In denying access to ‘secondary email addresses,’ the Court found that such an address was a “personal” email address protected by section 708(b)(6), because “even though it is being used to transact public business … it is still personal to that person.”

Judge Dan Pellegrini authored the majority opinion, with Judge Cohn Jubelirer filing a concurring opinion, Judge Leavitt (joined by Judge Simpson) filing a concurring and dissenting opinion, and Judge McCullough filing a concurring and dissenting opinion.

In Office of the Governor v. Raffle, the Commonwealth Court ruled that an address maintained by Governor Corbett in Shaler Township, along with the middle names and counties of residence of 39 office employees, were public.

The Court denied access to government-issued cellular and personal telephone numbers of the employees. In its opinion, the Court cited much of the same reasoning as it did in the Mohn case. Judge Pellegrini authored the majority decision, with Judge Cohn Jubelirer filing a concurring opinion, and Judge McCullough filing a concurring and dissenting opinion.

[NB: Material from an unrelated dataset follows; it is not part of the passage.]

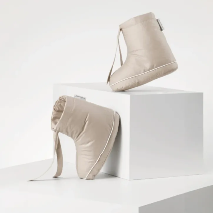 Cloud dunsokkerne fra Georg Jensen Damask er designet til at give en behagelig og lun fornemmelse med et elegant udtryk. Sokkerne er satinvævet i 100 % bomuld og fyldt med GRS-certificerede andedun og -fjer, som sikrer let isolering og blød komfort. Den dekorative piping og bindebåndet ved anklen giver sokkerne et raffineret præg og sikrer samtidig en god pasform. Farven Sand understøtter det rolige og afdæmpede design, der passer naturligt ind i hjemmets afslappede rammer.

Read more from the Associated Press.

PNA note: The Commonwealth Court’s holdings with regard to home addresses, counties of residence and middle names are significant victories for public access.

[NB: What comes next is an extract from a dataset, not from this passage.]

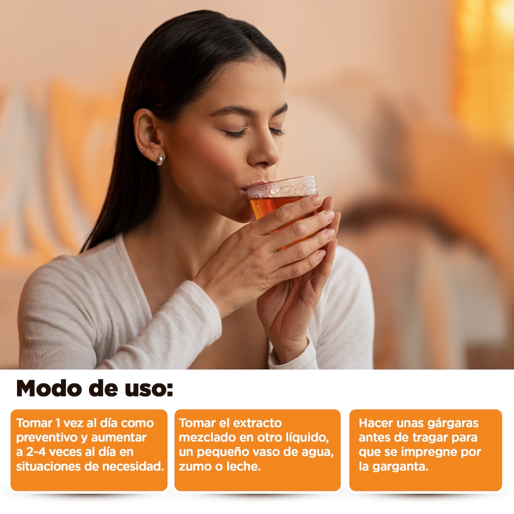Este extracto, procedente de apicultores comprometidos con el respeto por la colmena y el medio ambiente, es una opción natural y ecológica para la rutina diaria. Su composición incluye extracto concentrado de própolis, agua, glicerina y extracto de stevia, sin gluten ni azúcares añadidos.

Of course, the holdings on public employees’ secondary email addresses and agency-issued phone numbers are disappointing. Public agencies routinely deny access to home addresses and other address-related information, citing a constitutional right to privacy and personal security arguments.

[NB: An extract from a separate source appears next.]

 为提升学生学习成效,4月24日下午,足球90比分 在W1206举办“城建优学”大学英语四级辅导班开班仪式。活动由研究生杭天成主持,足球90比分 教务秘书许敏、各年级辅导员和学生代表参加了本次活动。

The Commonwealth Court has now clearly held that there is no constitutional right to privacy in home addresses, and agencies may only withhold home addresses for security reasons when the burden of proof is met on a case-by-case basis.

The Court is currently considering similar constitutional and security arguments as part of the PSEA case in which PSEA is seeking blanket confidentiality for all public school employee home addresses.


Access to legal invoices


Finally, in Levy v. Senate, the Pennsylvania Supreme Court held that client identities and descriptions of services in legal invoices submitted to public agencies are not automatically exempt from public access under the attorney-client privilege. Agencies must evaluate whether the privilege is actually implicated on a case-by-case basis.

The Court also reversed the holding in Signature Information Solutions v. Aston Township, which required an agency to state all grounds for denial in its initial denial letter, or have any issues not raised be waived. The Court remanded the case to the Commonwealth Court for consideration of issues raised by the Senate subsequent to its initial denial. Read more from the Lebanon Daily News. Read the opinion.

PNA note: The Supreme Court’s opinion in this case is a win for public access to legal invoices.

Prior to this decision, agencies routinely refused access to client identity and descriptions of legal services in legal invoices. The holding in the Levy case will require agencies to conduct a careful review of legal invoices and limit redactions to the rare circumstances where disclosure would actually trigger the attorney/client privilege.

A noteworthy, and troubling, aspect of the Levy holding, however, is the Court’s decision to overturn the per se waiver rule of Signature Information Solutions, LLC. v. Aston Township, 995 A.2d 510 (Pa. Cmwlth. 2010), which required an agency to state all grounds for denial in its initial denial letter or have any issues not raised be waived.

[ PaFOIC note: The court's decision appears to leave open the possibility that the waiver can still be argued based on the individual facts of a particular case.]

It remains to be seen how agencies [and lower courts] will apply this aspect of the Levy holding, but the Supreme Court noted the importance of timely and efficient appeals in light of the Law’s intent to improve public access [and included additional positive language regarding the law's intent to encourage disclosure and "transparency.”]

* In brackets are a few additions to this analysis of the Levy v. Senate ruling from the PaFOIC.